Paris is a weird city. When you go there you see that it's almost entirely a museum piece built to glorify classical French civilization, which is good for attracting tourists but not good if you were on the receiving end of clasical French civilization like the North Africans were. In no way whatsoever has French culture come to terms with the truth about French history. For example, the film "The Battle of Algiers" is still banned in France, even though it is almost entirely accurate in its portrayal of the French war against Algerian independence.
Even though Europe is supposedly multicultural and modern, people still think of a typical European as being a white person even though many millions of Africans and Asians are fully and completely European. Europe does very little to include people who are not white and the French government openly forces North Africans specifically to assimilate to a certain version of WHITE French culture. For example, Muslim girls cannot wear head scarves in school. There is nothing in the United States that comes close to the overt cultural bullying that white French culture gets away with in France.
I think that if it wasn't for anti-muslim bias in the Western media, we would see these riots for what they are: a compelling political statement about European civilization on par with the 1968 riots. The difference between now and 1968 is that today we are not seeing primarily white college students rioting.

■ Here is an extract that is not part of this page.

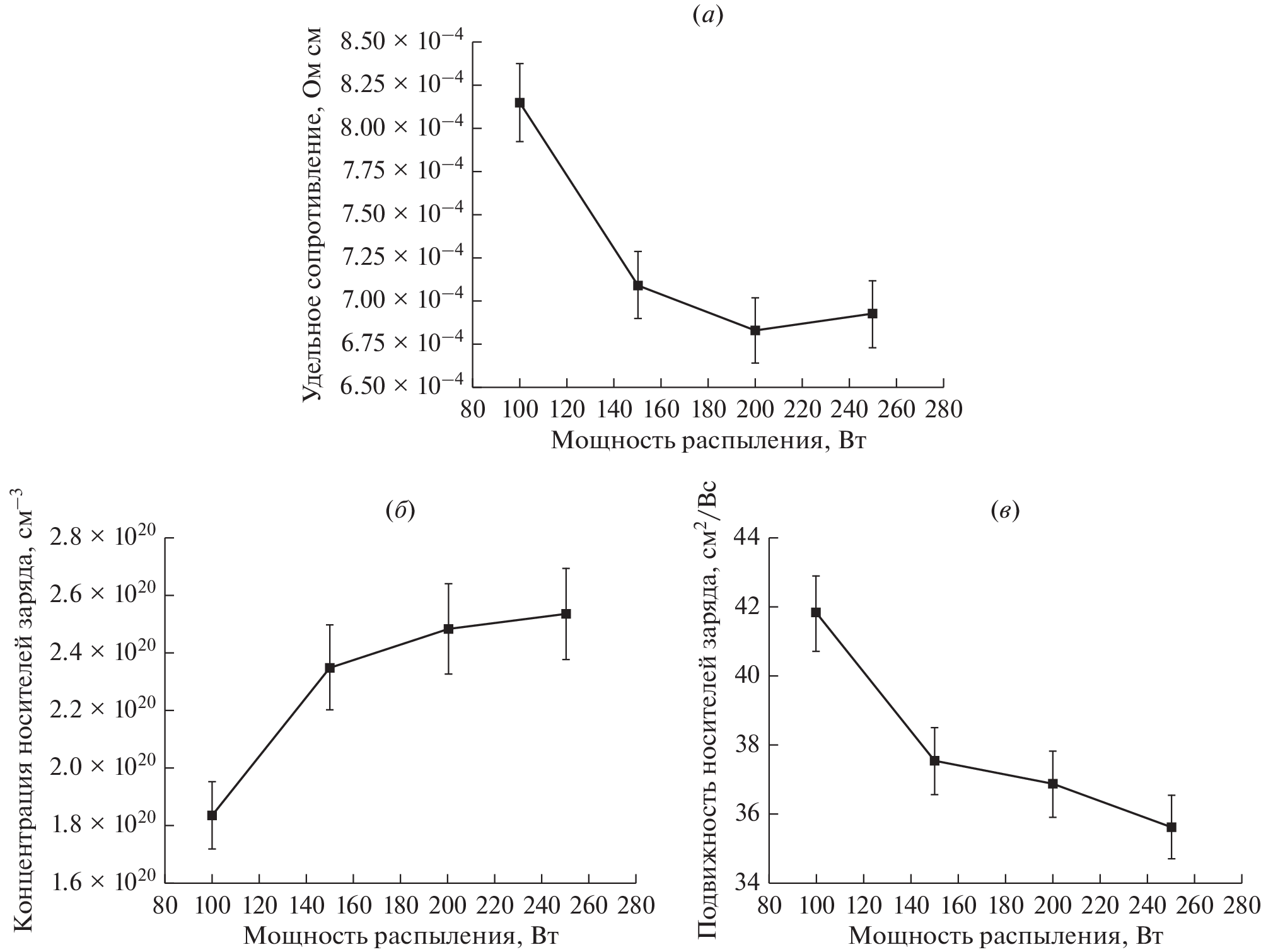 Magnetron sputtering in the medium frequency (MF) mode was used to obtain ITO films on glass substrates at room temperature in an oxygen-free environment. The effect of the magnetron sputtering power on the electrophysical properties and surface morphology of ITO films is studied. It is shown that the ITO film deposition rate depends linearly on the power of magnetron sputtering in the MF mode. It is found that ITO films have a predominantly nanocrystalline structure at a magnetron sputtering power of more than 100 W. Increasing the sputtering power leads to an increase in surface roughness from 13.5 to 24.6 nm and grain size from 11.7 to 27.5 nm in the ITO film. The minimum resistivity of the ITO films is 6.82 × 10–4 Ω cm at the concentration and mobility of charge carriers of 2.48 × 1020 cm–3 and 36.8 cm2/V s, which corresponds to the optimum power of magnetron sputtering of 200 W. The results obtained correspond to a high level of surface resistance values for ITO films (34.1 Ω/□), which can be used to form transparent conducting electrodes in solar cells and memristors, both on glass and flexible substrates.

The suburbs of Paris are a human wasteland that France has hidden from the world for decades because tourists don't go there.
What is strange about this article is how familiar it seems. I remember just a few years ago, in the early 1990s, when my -- white, once-liberal -- parents informed me solemnly that New York City would soon become "majority black." This, for them, spelt the doom of a once great city: that the city of Woody Allen and the Metropolitan Opera, beatniks and (ironically) jazz, would be taken over by roving bands of criminal blacks, fueled by, on the one hand, drugs and poverty, and on the other hand, a deep antipathy towards "Anglo" culture.
Fifteen years later, New York is in the midst of a renaissance. The city is safe. Black people and white people can look each other in the eye. Whites -- like me -- do not instinctively cross the street late at night to avoid a black man. Neighborhoods that were once no-go war zones are shared. It is not a utopia. But the hell of permanent race-war that even reasonable people like my parents felt was just around the corner never came to pass.
We had our troubles. We had the LA Riots. We had Crown Heights. We had Kitty Genovese. Let Europe -- white Europe and "black" Europe -- confront its problems. Let them face their fears. Let them start telling each other some hard truths: that ruling races can be racist; that the oppressed can addict themselves not only to drugs, but to the rhetoric of hate. Let them, even, say things like my parents said, and believe what my parents believed.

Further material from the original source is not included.